In 1871, with a government bill abolishing the term grammar school and replacing it with collegiate, the Union School became the Peterborough Collegiate Institute (PCI). Due to overcrowding and various moves within the buildings it soon came time for the Collegiate to have its own building, separate from the public school. On August 1, 1907, the cornerstone for the new school was laid. The new school opened in 1908 on the corner of Aylmer and McDonnel Streets near the Armouries.

====House System====
PCI implemented the four house system to encourage school spirit and foster a positive school environment. The four houses were Keswick, Caernarvon, Warwick and Wiggin, each represented by a colour: Blue, Yellow, Red, and Green respectively. Each house had one male and one female house leader, who represented their membership on the Student Activity Council. They organized events such as dress-up days, bulletin board displays, and lunch events where participants could earn house points. At the annual Christmas (Winter) Assembly, the houses performed a skit for a competition judged by a selection of faculty members, preceding the Teacher Skit. The House Award honoured the house with the most points at the end of the school year. The house system continued until the school was re-purposed in 2012.

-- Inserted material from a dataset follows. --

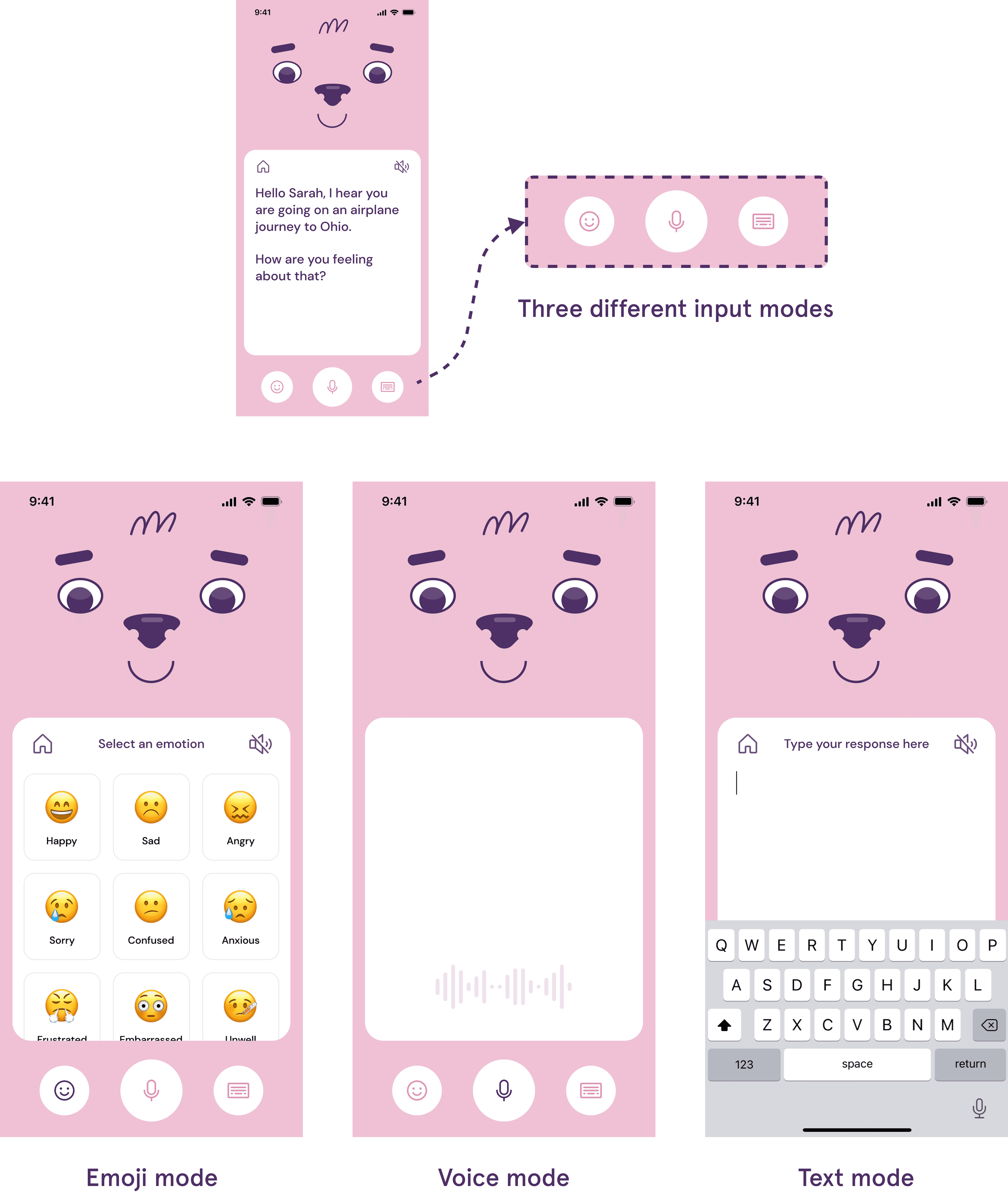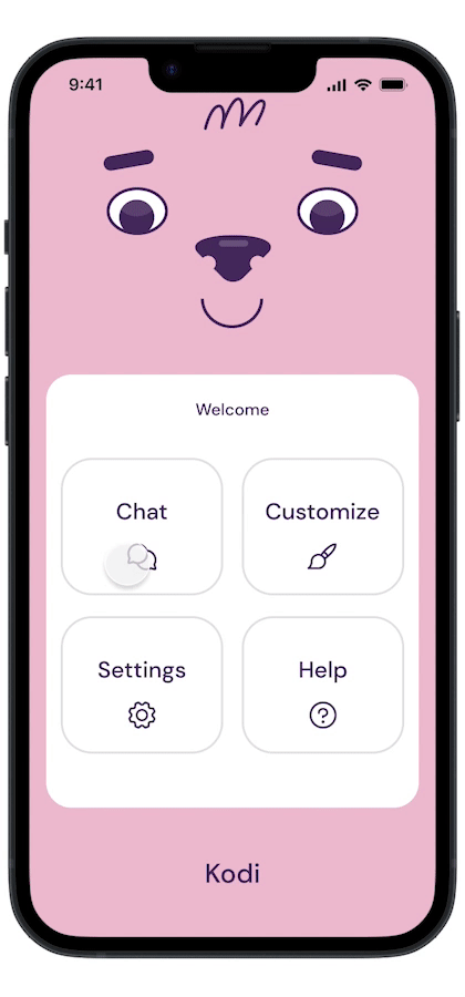 Users can express their feelings via emoji, voice, or keyboard, choosing the mode that feels most comfortable. Kodi responds to children’s inputs with an animated face that supports emotional connection.

===Peterborough Collegiate Vocational School===
In 1927 a vocational school was added to the PCI and became Peterborough Collegiate and Vocational Institute (PCVS). This new section included the Upper Gym, Cafeteria and Library. At the turn of the century, the school enrolled about 800 students with 200 as part of the Integrated Arts program. A tradition of extracurricular athletics included basketball, volleyball, rowing, field hockey, tennis, badminton and track teams. The PCVS Ladies Choir was ranked in the Top Ten choirs in Canada. In 1995, PCVS was listed by Maclean's magazine as one of the top five high schools in Canada in the category of Student Leadership. PCVS was also the first school in Peterborough to establish a gay–straight alliance, which was featured provincially in Professionally Speaking magazine. In 2008 the school celebrated the 100th anniversary of the school building on May 17 by hosting a Gala/Reunion with entertainment talent featuring PCVS alumni including Sean Cullen, Lawrence Cherney, Rick Fines and Graham Rowat among others.

Principals of PCVS 1909 - 2012
| Name | Years of Service |
|---|---|
| H.R.H. Kenner | 1909 - 1943 |
| Carl S. Browne | 1943 - 1955 |
| R. David Brown | 1955 - 1967 |
| Kenneth P. Hoaasack | 1967 - 1969 |
| A.L. Reilly | 1969 - 1971 |
| L. James Watson | 1971 - 1981 |
| H. Bert Moss | 1981 - 1982 |
| Robert J. Allan | 1982 - 1987 |
| John McCormack | 1987 - 1993 |
| Shirl Delarue | 1993 - 2001 |
| Rick Essex | 2002 - 2004 |
| Caroline McNamara | 2005 |
| Anita Simpson | 2005 - 2007 |
| Denise Severin | 2007 - 2012 |

====Principal's portraits====
There was a tradition at PCVS that the principals would have their photographs taken at the end of their tenure. The photographs were framed and mounted above the balcony doors of the auditorium on the foyer's second floor to maintain the leadership's history of the school. The first portrait features H.R.H. Kenner and the last portrait, mounted in 2012, features Denise Severin, the last principal of PCVS. Caroline McNamara, appointed interim principal after the sudden death of Rick Essex, was not included in this tradition.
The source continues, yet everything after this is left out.